TASK REQUIREMENTS: The entries are to be reproduced word for word, with all images left out.

THE INPUT:
##############################
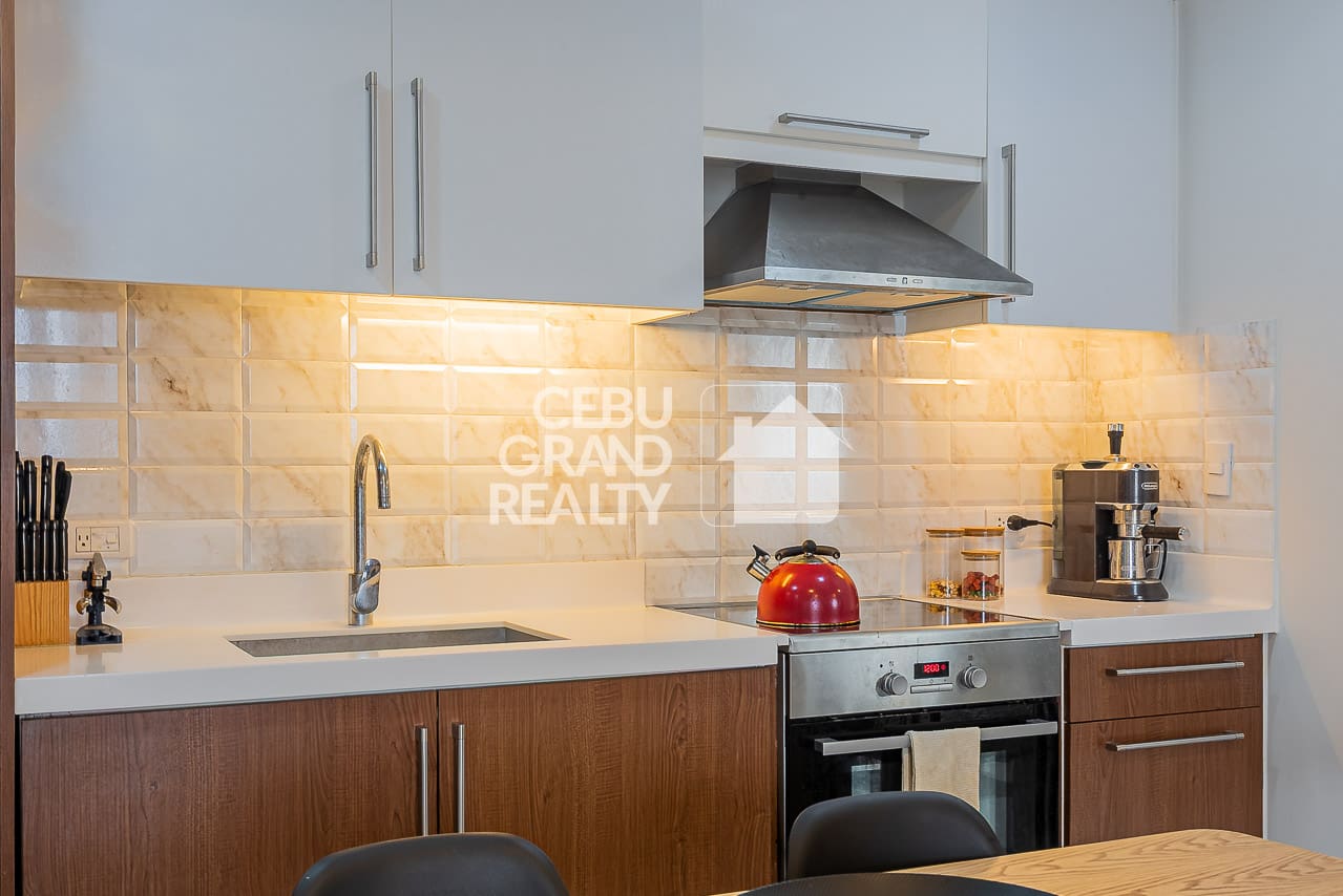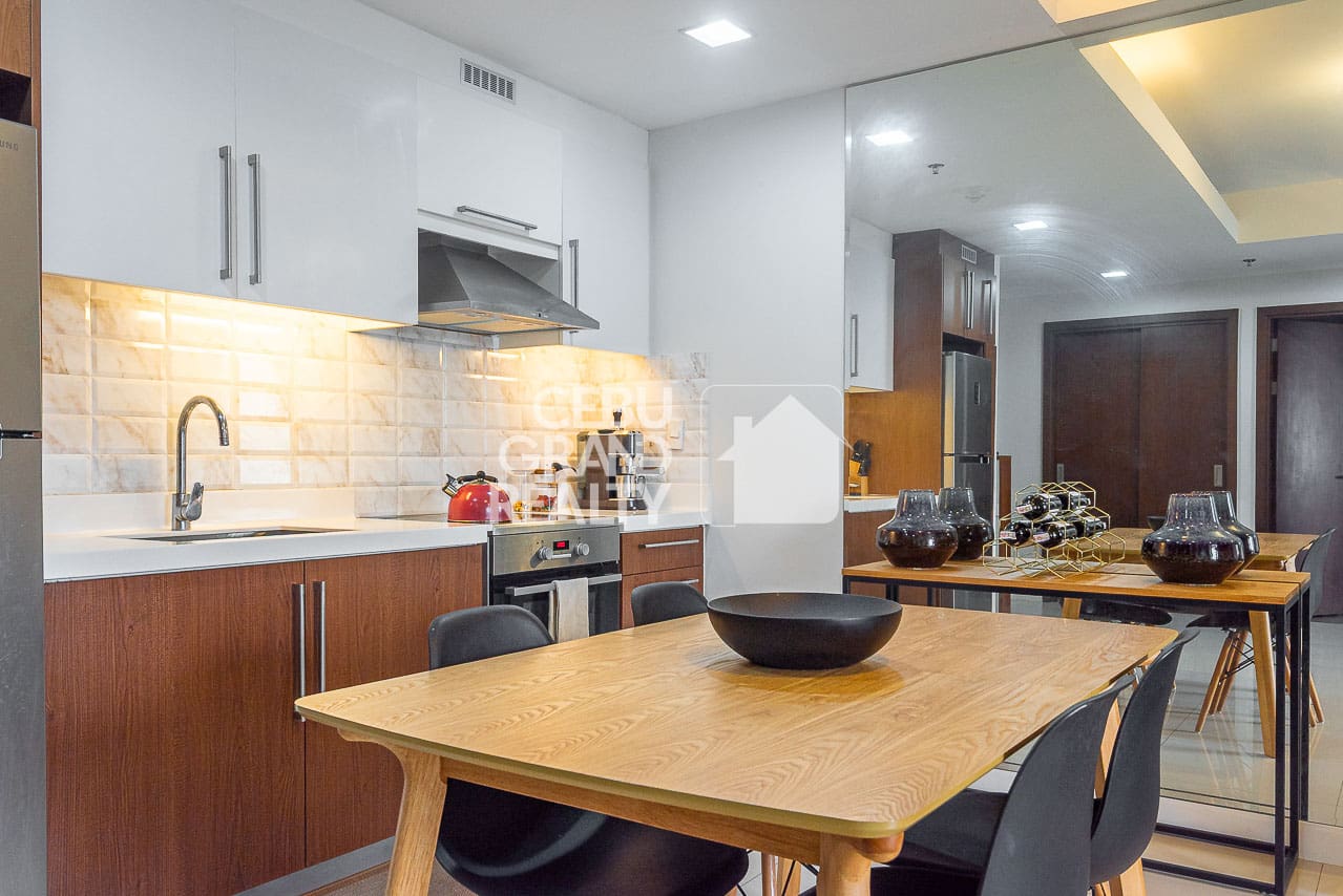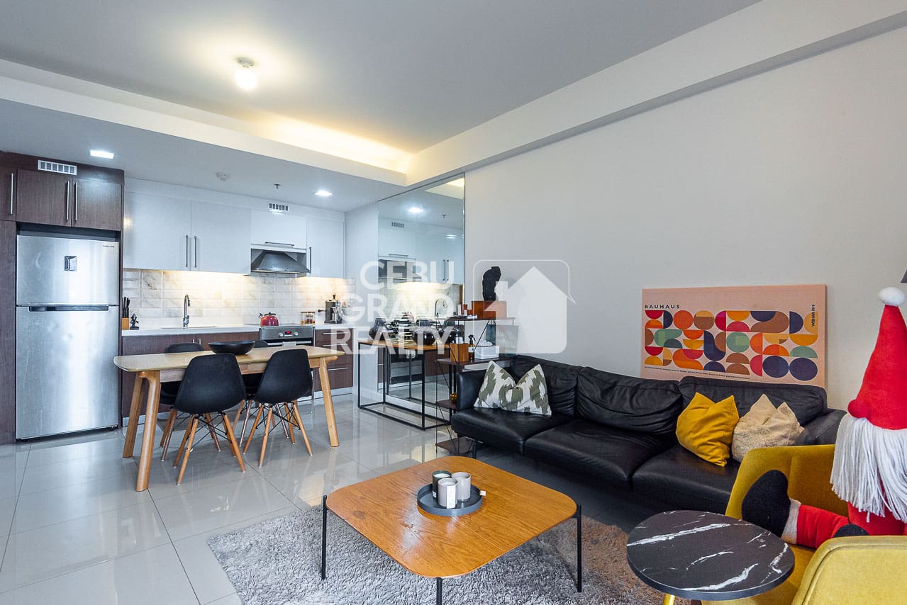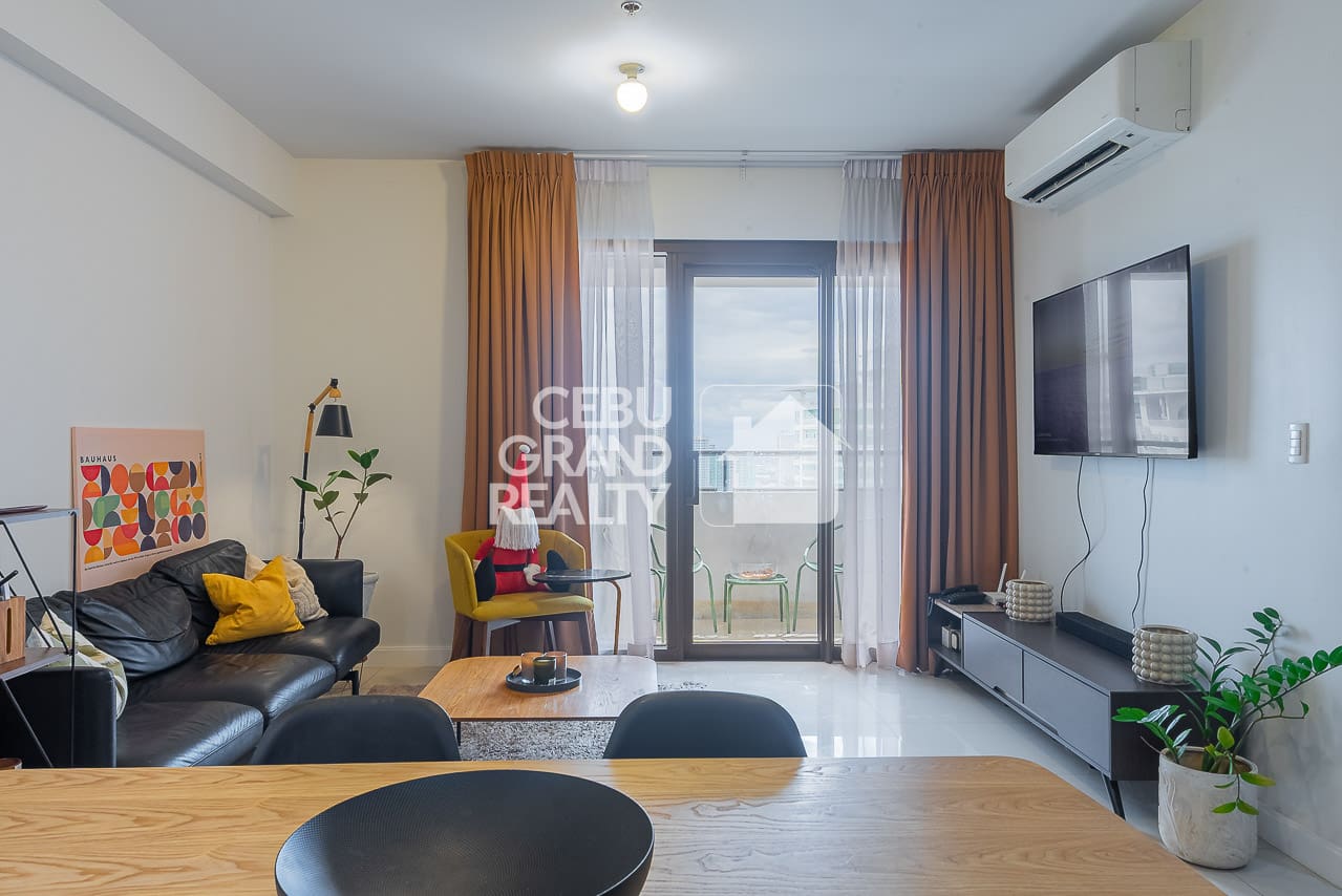 Come see the best of city living in this spectacular high-rise condo for rent with balcony overlooking the city, located in the prime Alcoves building in Cebu Business Park. This beautiful one-bedroom home is perfect for anyone who values style, comfort, and amazing views. As you step inside, you'll immediately feel a sense of modern style, since every detail has been carefully chosen to create a special living space. For instance, the open-plan layout smoothly joins the living, dining, and kitchen areas. In addition, a large wall mirror makes the space feel even bigger and brighter.
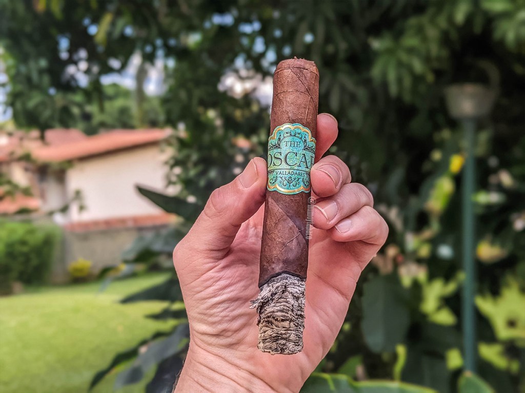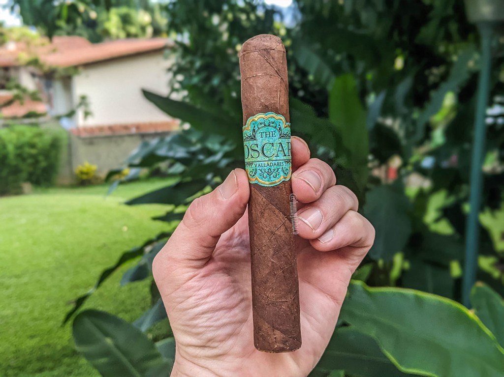 Hace cosa de unos dos o tres meses, estaba viendo samplers en una página que suelo visitar y me encontré con uno de productos de Oscar Valladares. Esta es una marca que comenzó muy, muy modesta, siendo apenas como un proyecto paralelo de un tipo que trabajaba en una tienda en Pittsburgh. Uno de sus primeros productos se llamó simplemente Leaf y no era ni siquiera para él, sino para “Island” Jim Robinson, quien era el dueño de esa tienda donde trabajaba. El gimmick del cigarro era que venía envuelto en una hoja de tabaco y aunque se veía muy atractivo, no era algo espectacular… solamente destacaba un tema artesanal. Luego Robinson se encargó de distribuirlos a nivel mundial y es así como puedes haberlo encontrado. Pero hace un tiempo apareció este producto llamado The Oscar, que no es lo mismo que el Leaf, sino una producción de Valladares que es para su propia distribución. El blend tiene una capa Habano ecuatoriana, capote hondureño y tripa de Honduras y Nicaragua. El cigarro viene envuelto en una hoja candela, que no es para fumarla o al menos yo no lo hice.
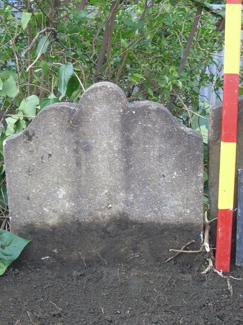 Triple round topped headstone, which has been removed from its original position in the past, and reinstated against the north wall. A knotted/bowed leaf motif across the lower half of the stone (in relief). Nothing legible.
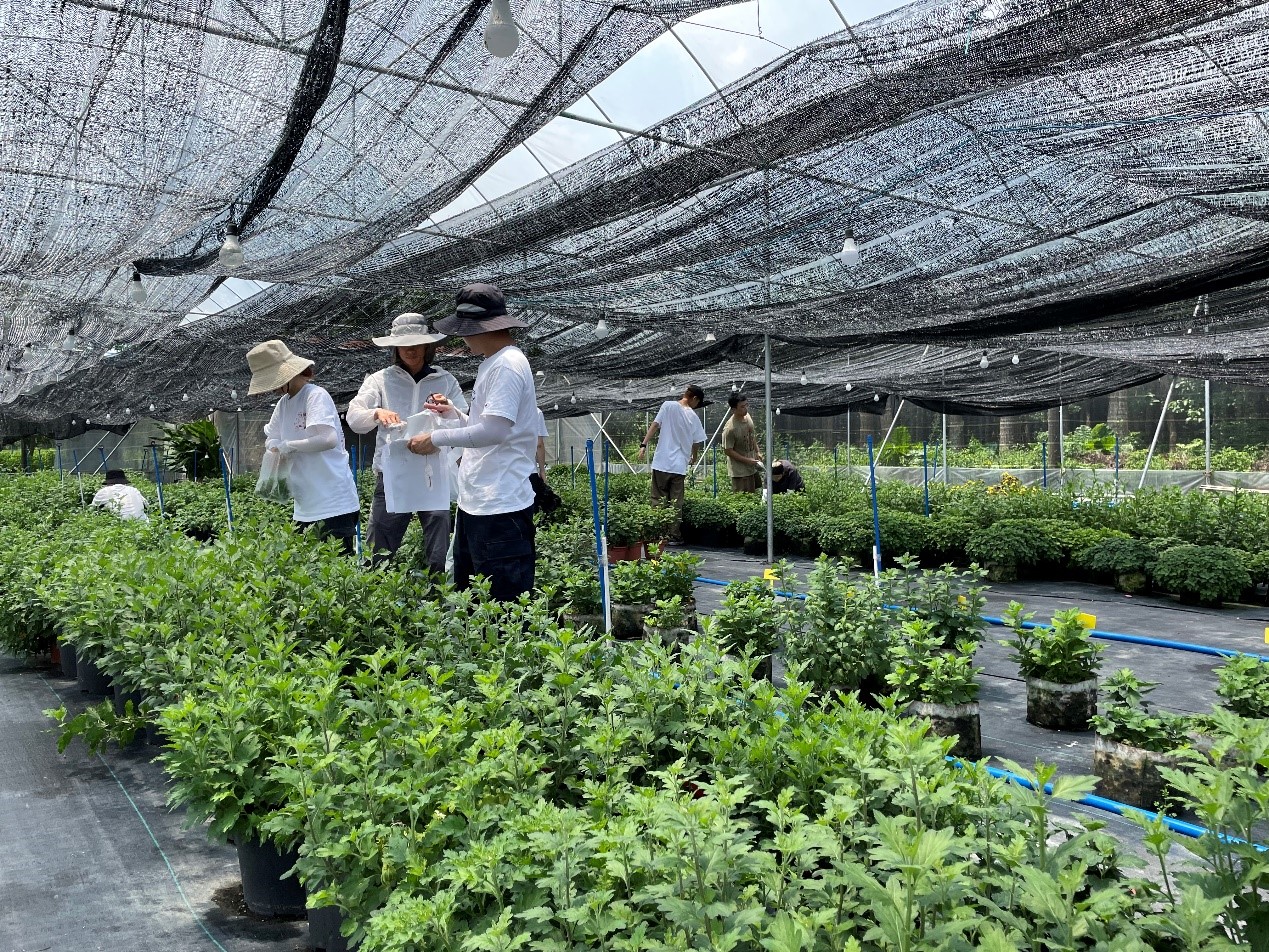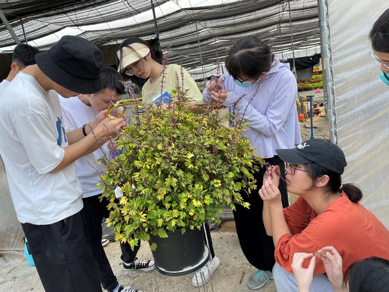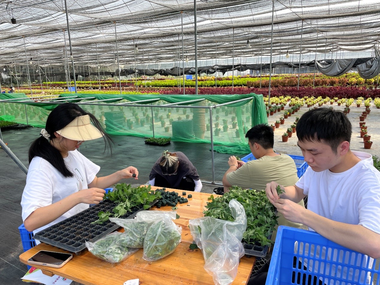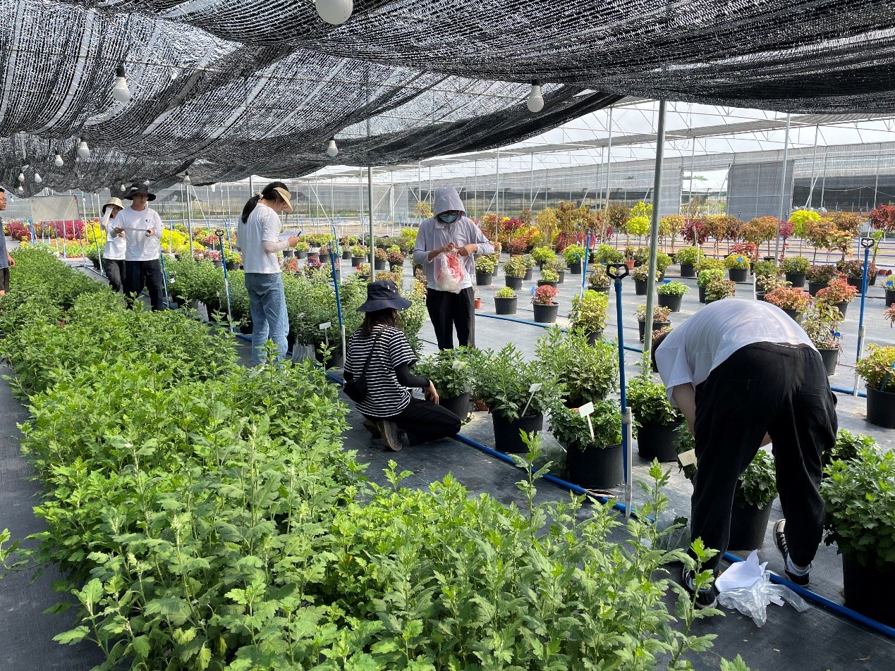 同学们提前准备好品种选育所需工具,在6日早上到达厚德农业育种基地后,老师们先是耐心给同学们讲解彩叶草、菊花育种的基本过程,并介绍当天选育工作的要点与细节。
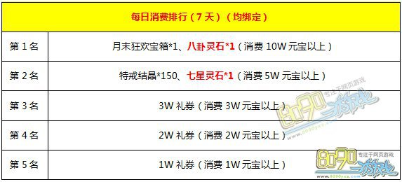 【活动内容】活动期间每天元宝消费排行前5名的玩家可获得丰厚道具奖励!
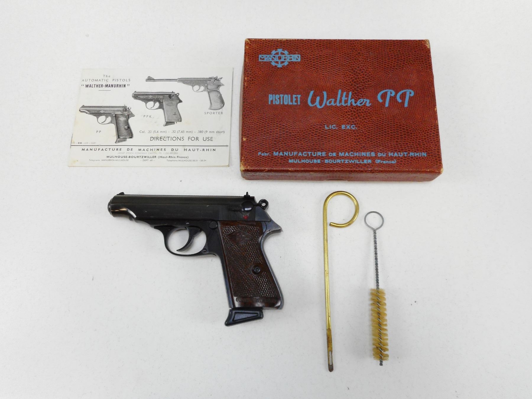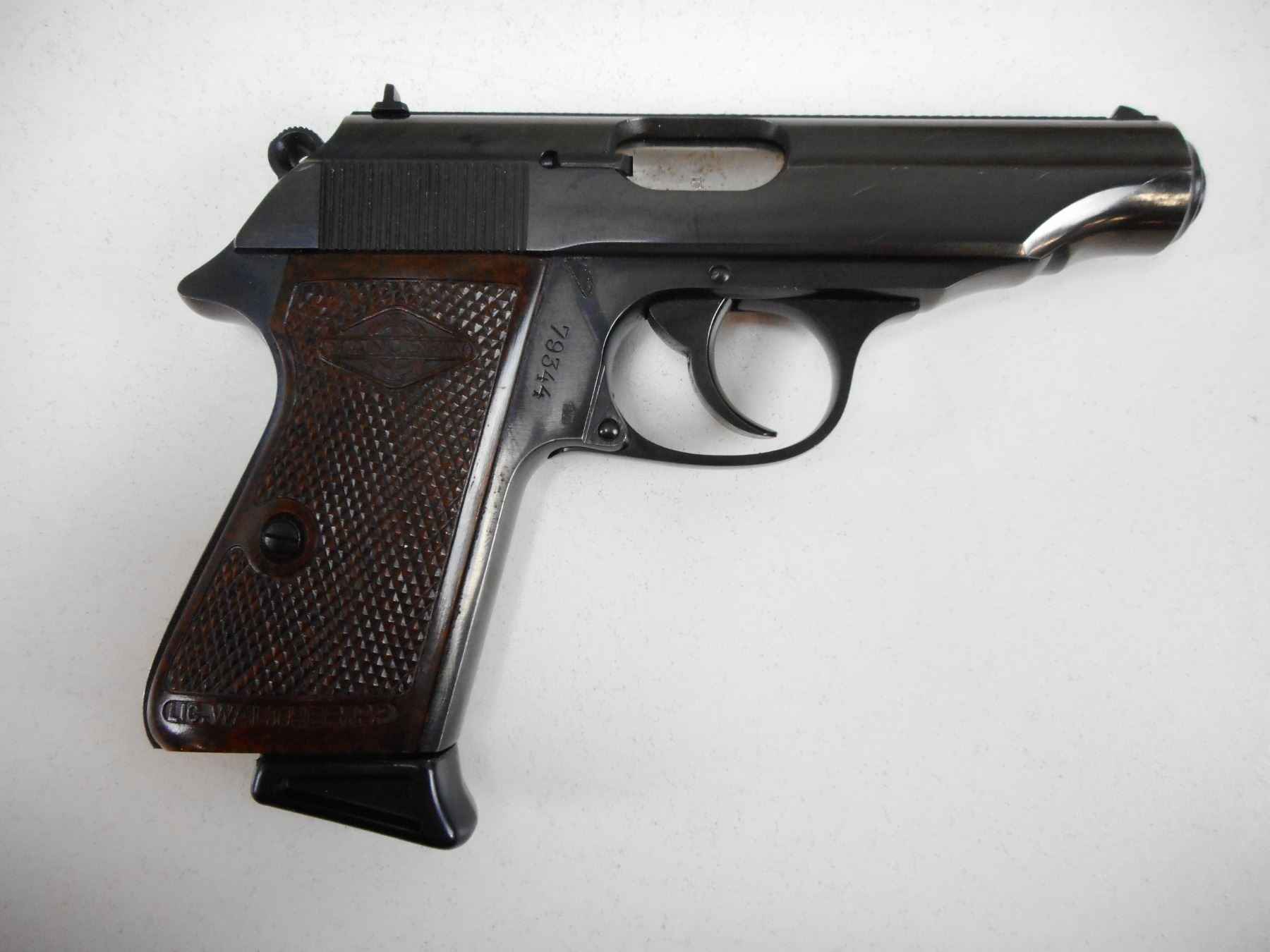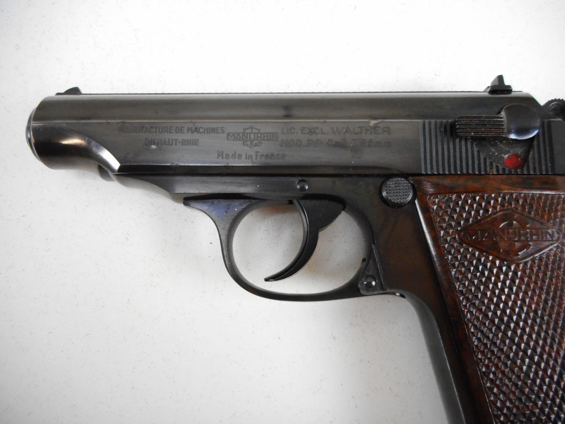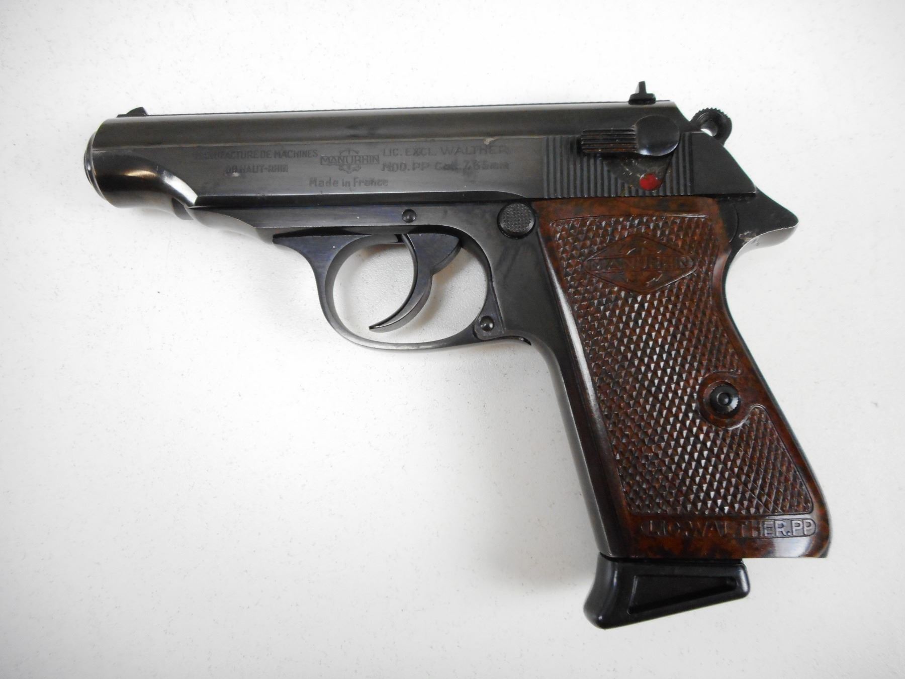 WALTHER/MANURIN , MODEL: PP , CALIBER: 7.65MM , COMES WITH MAGAZINE, FIXED NOTCH AND BLADE SIGHTS, CHECKERED PLASTIC GRIPS, EXCELLENT BLUE FINNISH, EXCELLENT BORE , BARREL LENGTH: 98MM , SERIAL # 79344 , STOCK # 2184 , CONDITION: 9/10 , CLASS: CANADIAN PROHIBITED CLASS
##############################
WRITTEN ANSWER:
 Come see the best of city living in this spectacular high-rise condo for rent with balcony overlooking the city, located in the prime Alcoves building in Cebu Business Park. This beautiful one-bedroom home is perfect for anyone who values style, comfort, and amazing views. As you step inside, you'll immediately feel a sense of modern style, since every detail has been carefully chosen to create a special living space. For instance, the open-plan layout smoothly joins the living, dining, and kitchen areas. In addition, a large wall mirror makes the space feel even bigger and brighter.
 Hace cosa de unos dos o tres meses, estaba viendo samplers en una página que suelo visitar y me encontré con uno de productos de Oscar Valladares. Esta es una marca que comenzó muy, muy modesta, siendo apenas como un proyecto paralelo de un tipo que trabajaba en una tienda en Pittsburgh. Uno de sus primeros productos se llamó simplemente Leaf y no era ni siquiera para él, sino para “Island” Jim Robinson, quien era el dueño de esa tienda donde trabajaba. El gimmick del cigarro era que venía envuelto en una hoja de tabaco y aunque se veía muy atractivo, no era algo espectacular… solamente destacaba un tema artesanal. Luego Robinson se encargó de distribuirlos a nivel mundial y es así como puedes haberlo encontrado. Pero hace un tiempo apareció este producto llamado The Oscar, que no es lo mismo que el Leaf, sino una producción de Valladares que es para su propia distribución. El blend tiene una capa Habano ecuatoriana, capote hondureño y tripa de Honduras y Nicaragua. El cigarro viene envuelto en una hoja candela, que no es para fumarla o al menos yo no lo hice.
 Triple round topped headstone, which has been removed from its original position in the past, and reinstated against the north wall. A knotted/bowed leaf motif across the lower half of the stone (in relief). Nothing legible.
 同学们提前准备好品种选育所需工具,在6日早上到达厚德农业育种基地后,老师们先是耐心给同学们讲解彩叶草、菊花育种的基本过程,并介绍当天选育工作的要点与细节。
 【活动内容】活动期间每天元宝消费排行前5名的玩家可获得丰厚道具奖励!
 WALTHER/MANURIN , MODEL: PP , CALIBER: 7.65MM , COMES WITH MAGAZINE, FIXED NOTCH AND BLADE SIGHTS, CHECKERED PLASTIC GRIPS, EXCELLENT BLUE FINNISH, EXCELLENT BORE , BARREL LENGTH: 98MM , SERIAL # 79344 , STOCK # 2184 , CONDITION: 9/10 , CLASS: CANADIAN PROHIBITED CLASS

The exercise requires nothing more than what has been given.